Hi everyone, I'm trying to load different types of source files using different readers. I just got an error for the HTMLTagReader Failed to load file NAME with error: HTMLTagReader.load_data() missing 1 required positional argument: 'file'. Skipping...
and now I'm second guessing my function:
def document_loader(docs_relative_path):
# Define custom readers
##Readers found in https://llamahub.ai/?tab=readers
class MyHTMLTagReader(HTMLTagReader):
pass
class MyJSONReader(JSONReader):
pass
class MyPPTReader(PptxReader):
pass
class MyXMLReader(XMLReader):
pass
#Currently just for .pdf
##LlamaCloud account
parser = LlamaParse(
api_key="",
result_type="text",
verbose=True,
)
# Create custom file extractors dictionary
file_extractors = {
".html": MyHTMLTagReader,
".json": MyJSONReader,
".pdf": parser,
".pptx, .ppt": MyPPTReader,
".xml": MyXMLReader,
}
# Initialize SimpleDirectoryReader with custom file extractors
## SimpleDirectoryReader reads any files it finds, treating them all as text.
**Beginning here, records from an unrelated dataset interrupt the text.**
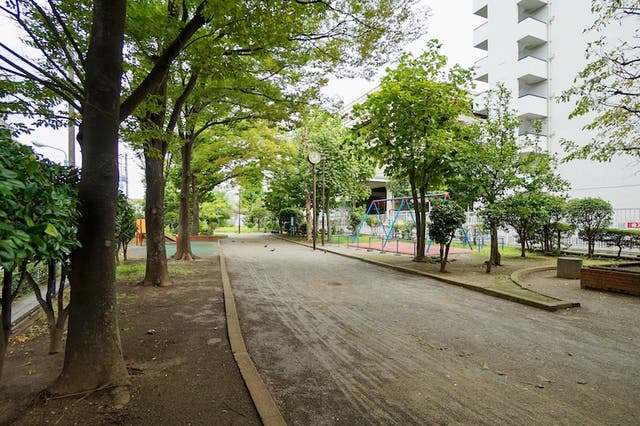 小名木川沿いに位置する高森公園は、滑り台やブランコなどの遊具と、休憩用のベンチが設けられた、地域の子どもたちや住民の憩いの場となっています。
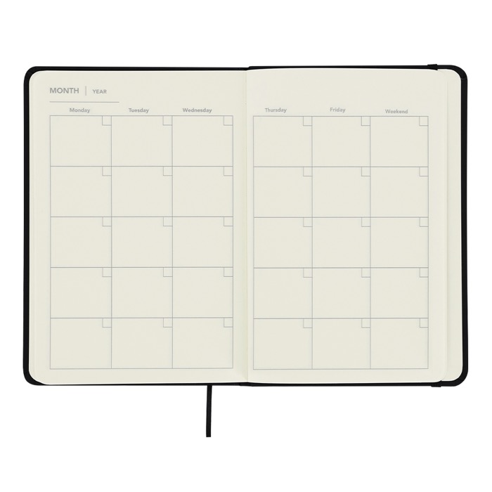 Planificateur mensuel à couverture en PU souple et bande élastique, légèrement plus grand qu’un format A5. 98 feuilles crème et 13 vues mensuelles.
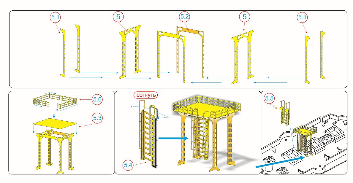 Вот инструкция по сбору прожекторной площадки. Рисунок из книги. Имеющийся чертёж (только вид сбоку). Куски фото. Вид, как это сделано у Саши, на его Потёмкине.
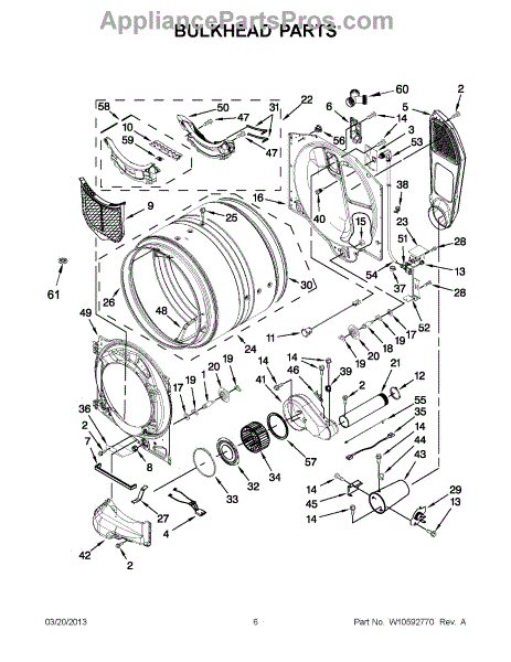 This blower housing assembly replaces the blower chamber that supports the blower wheel and routes air through the dryer for proper tumbling and drying. Restores correct airflow and helps reduce overheating or poor drying performance. What it does:
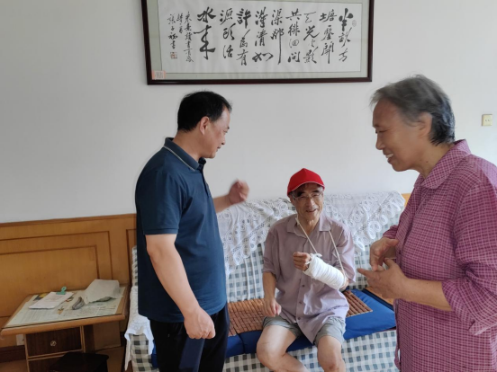 在陈老师家,汪春胜与陈老师亲切交谈,详细了解他的病情和生活状况。嘱咐他安心养病,有困难及时跟学院说,组织上会积极帮助。工会主席朱红宝也转达全院职工对陈老师的关心,期盼他早日康复。陈德祥老同志感动地说:“想不到啊,退休19年了,组织上还记得我,还如此关爱我,让我感受到学院大家庭的温暖,让我好感动!”
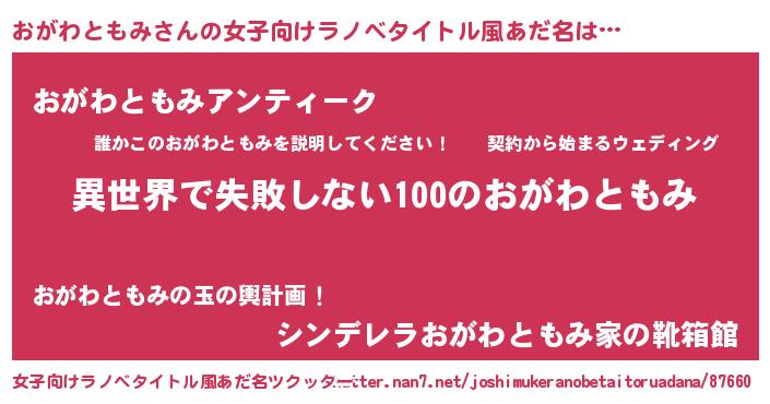 | 男性向けラノベタイトル風あだ名 | 『おがわともみという概念が存在しない退屈な世界 』 |

It explicity supports:.csv, .docx, .epub, .hwp, .ipynb, .jpeg, .jpg, .mbox, .md, .mp3, .mp4, .pdf, .png, .ppt, .pptm, .pptx
reader = SimpleDirectoryReader(input_dir=docs_relative_path, file_extractor=file_extractors, filename_as_id=False)
# Load documents
documents = reader.load_data()
print("Number of documents loaded:", len(documents))
# Do further processing with loaded documents
return documents
Any tips?